Putting protein into perspective
Putting Protein into Perspective
Author: Lisa Donaldson APD
Protein is a pretty amazing macronutrient. It is part of every single cell in our body; our hair, nails, muscles, ligaments, skin… even blood! Protein is commonly referred to as the building blocks inside our body, and rightfully so – it is protein that helps our body repair and rebuild every day. So how much protein do we actually need?
Depending on your physical size, a person typically needs about 0.8-1.2g of protein per kilogram every day. To put that into some sort of perspective if you weigh…
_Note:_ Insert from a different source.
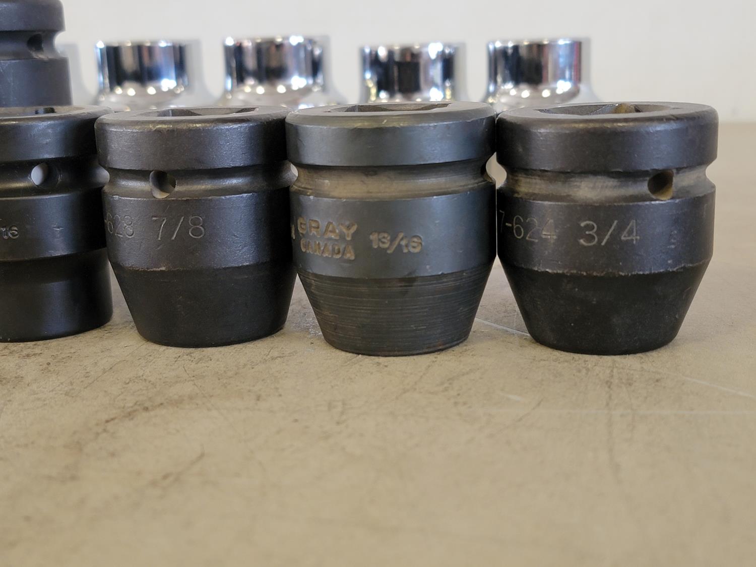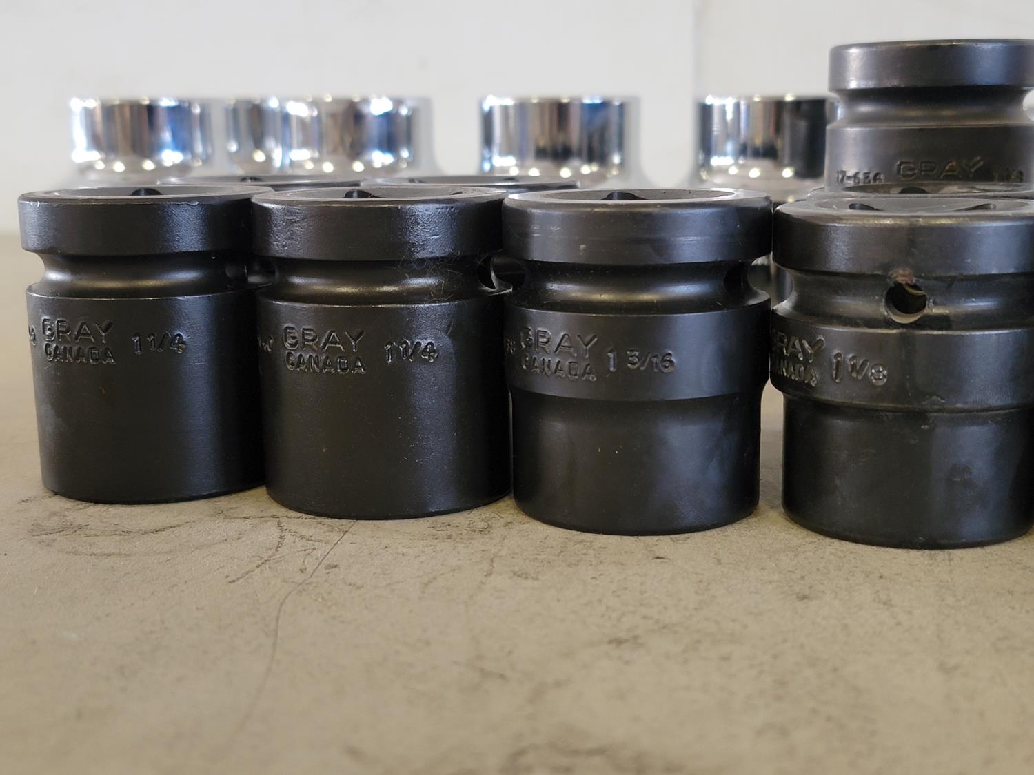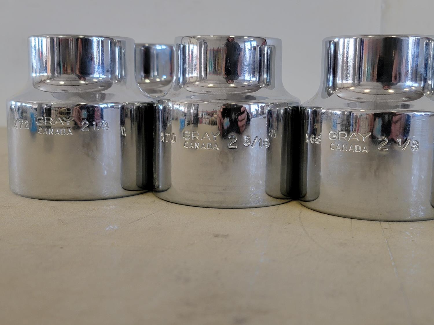 1 inch drive impact sockets: 1-1/4 inch, 1-3/16 inch, 1-1/8 inch, 1-1/16 inch, 1 inch, 15/16 inch, 7/8 inch, 13/16 inch, 3/4 inch, 1 inch drive sockets: 2-1/4 inch, 2-3/16 inch, 2-1/8 inch, 2-1/16 inch, 2 inch, 1-7/8 inch, 1-13/16 inch, 1-11/16 inch, 1-5/8 inch

120kg -> you’d need approximately 120g protein per day
100kg -> you’d need approximately 100g protein per day
60kg -> you’d need approximately 60g protein per day
50kg -> you’d need approximately 50g protein per day
The human body can synthesise about 30g of protein effectively at any one time, so if you are aiming to ‘build’ up muscle, spreading your protein serves across the day is better than eating a large amount of protein in a single sitting.
So let’s look at a day on the plate – using a range of protein sources to see how easy it is for the protein to add up across the course of the day.
BREAKFAST: 26g Protein
2 egg omelette with tomato, feta, baby spinach and 1 slice of wholegrain toast with avocado as spread. 1 cup of tea with milk.
SNACK: 10g Protein
Banana and 100g natural yoghurt
LUNCH: 31g Protein
Chicken Salad (100g chicken) with non-starchy salad vegies, a sprinkling of cashews and some chickpeas.
SNACK: 8g Protein
30g vintage cheese with 1 apple
DINNER: 25g protein
Steak (100g) with mashed sweet potato and greens
TOTAL = 100g Protein
Our day on the plate shows how you can effectively spread the protein content across the course of the day. Lean meat, nuts/seeds, legumes and dairy products are all wonderful sources of protein to help your body be strong.